* **Problem to solve**: Repeat, word for word, all the data that follows, and exclude the pictures.

* **Input data**:
----------

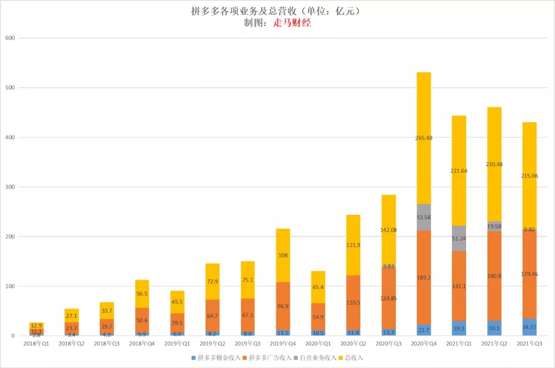 但是,自 2020 年 Q4 开始,拼多多有了自营业务,严格来说,实际上是从 Q3 开始的,只是当时自营只有 3.9 亿元,没有单独披露,算进了广告营销收入里。
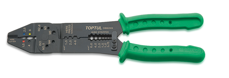 Приобрести Клещи для обжимки клемм и снятия изоляции TOPTUL DIBB2009 от компании Toptul (Тайвань) из раздела Клещи для обжима - кримперы по цене 1 895 рублей.
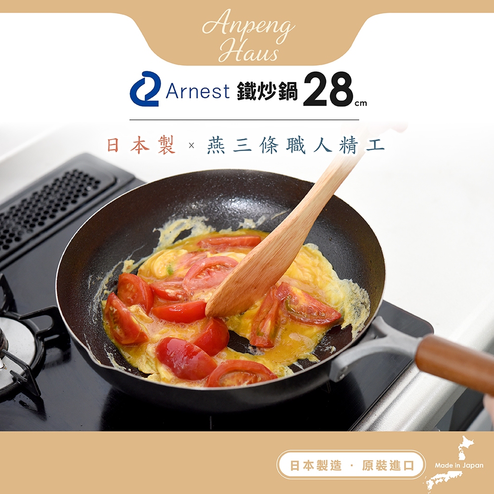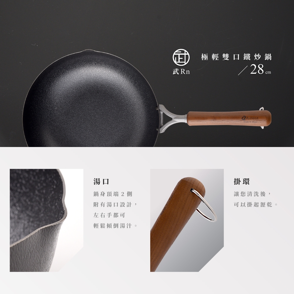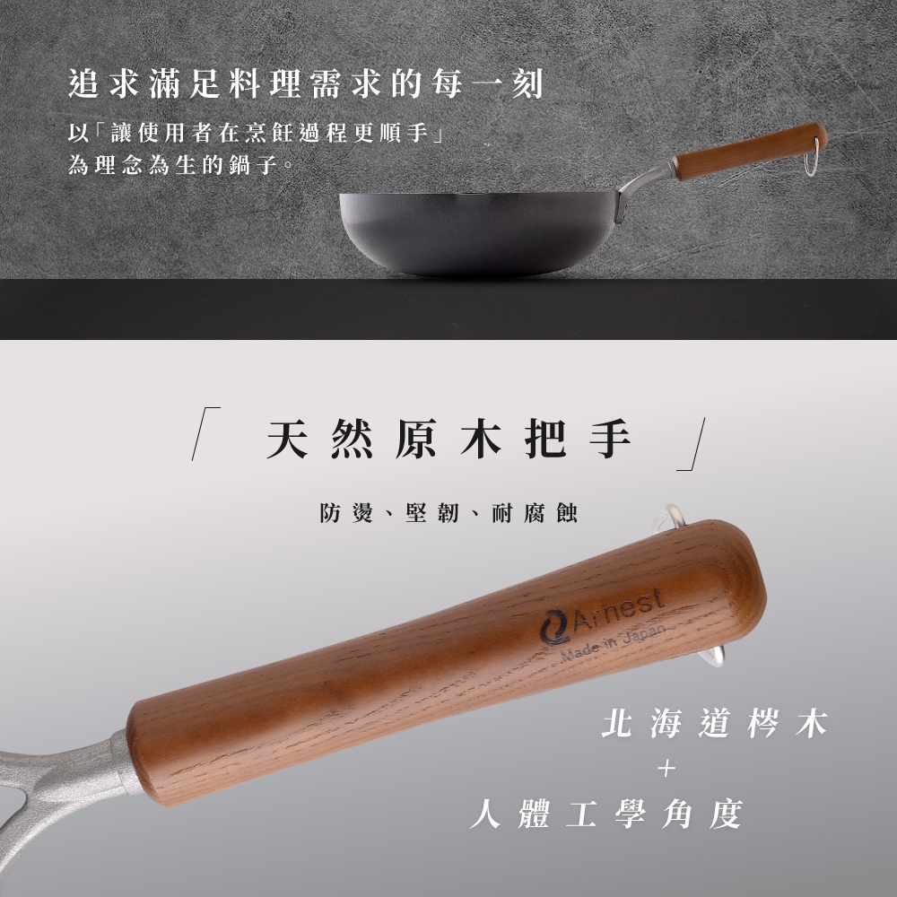 日本Arnest 武 Rn 和網紋輕量雙口鐵炒鍋-28cm(不挑爐具、日本燕三條職人打造,北海道梣木把手)含日製可立鍋蓋組|日製鐵鍋單鍋組|含不鏽鋼玻璃鍋蓋組PansAnpeng Haus
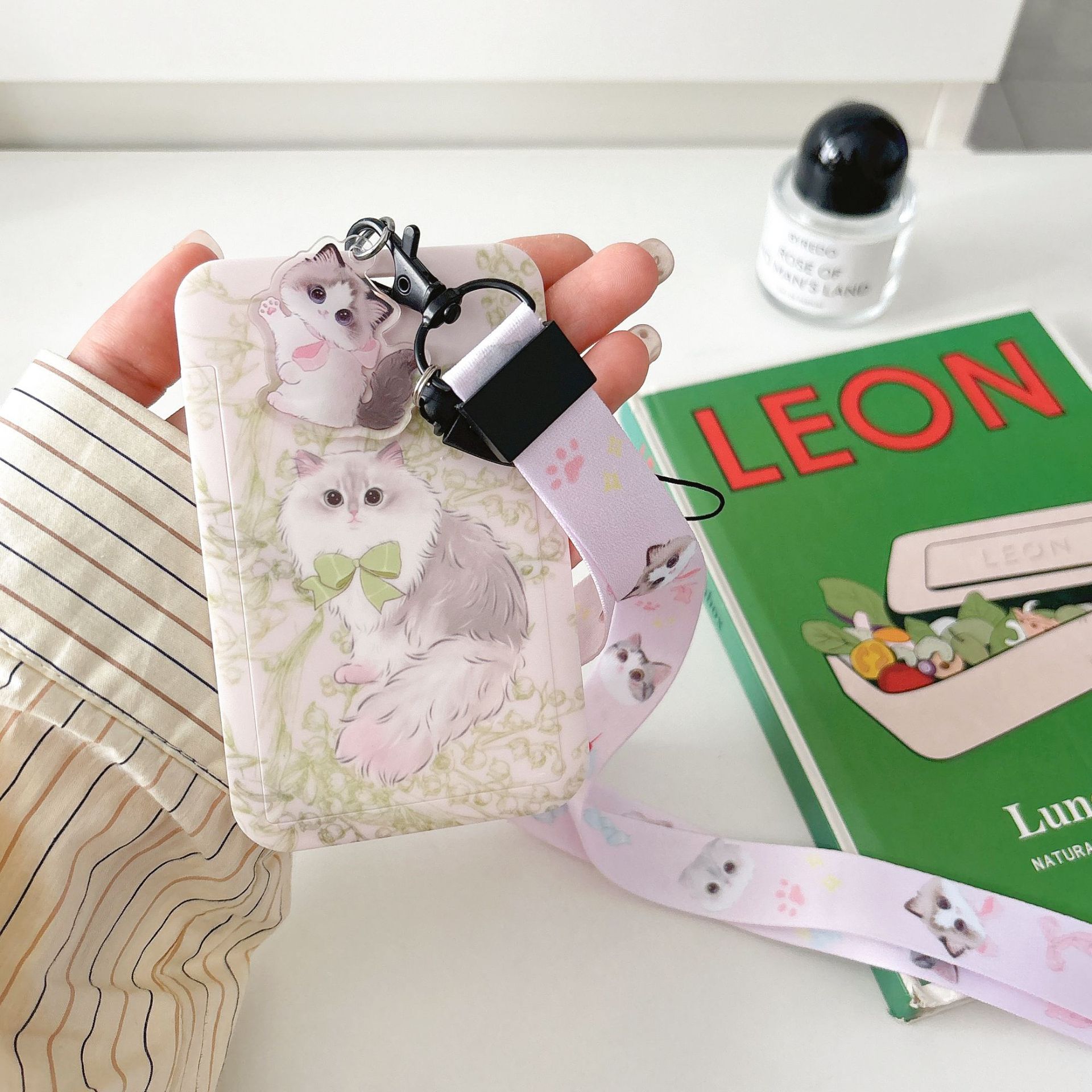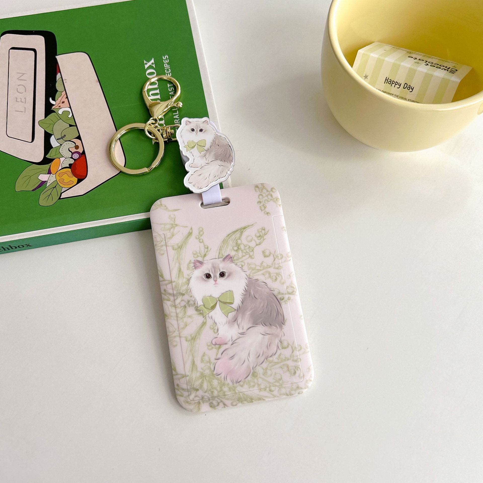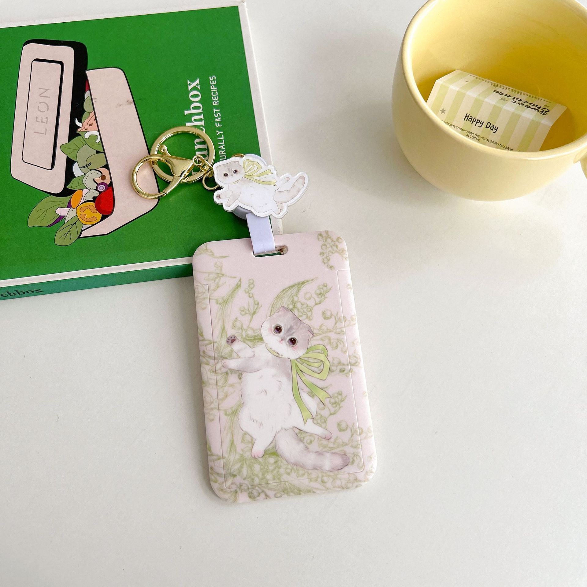 귀여운 고양이 멋진 고양이 버스 카드 세트 캠퍼스 식사 카드 액세스 카드 개폐식 카드 세트 가방 매달려 키 체인 인증서스토어 가기

----------

* **Solution below**:
 但是,自 2020 年 Q4 开始,拼多多有了自营业务,严格来说,实际上是从 Q3 开始的,只是当时自营只有 3.9 亿元,没有单独披露,算进了广告营销收入里。
 Приобрести Клещи для обжимки клемм и снятия изоляции TOPTUL DIBB2009 от компании Toptul (Тайвань) из раздела Клещи для обжима - кримперы по цене 1 895 рублей.
 日本Arnest 武 Rn 和網紋輕量雙口鐵炒鍋-28cm(不挑爐具、日本燕三條職人打造,北海道梣木把手)含日製可立鍋蓋組|日製鐵鍋單鍋組|含不鏽鋼玻璃鍋蓋組PansAnpeng Haus
 귀여운 고양이 멋진 고양이 버스 카드 세트 캠퍼스 식사 카드 액세스 카드 개폐식 카드 세트 가방 매달려 키 체인 인증서스토어 가기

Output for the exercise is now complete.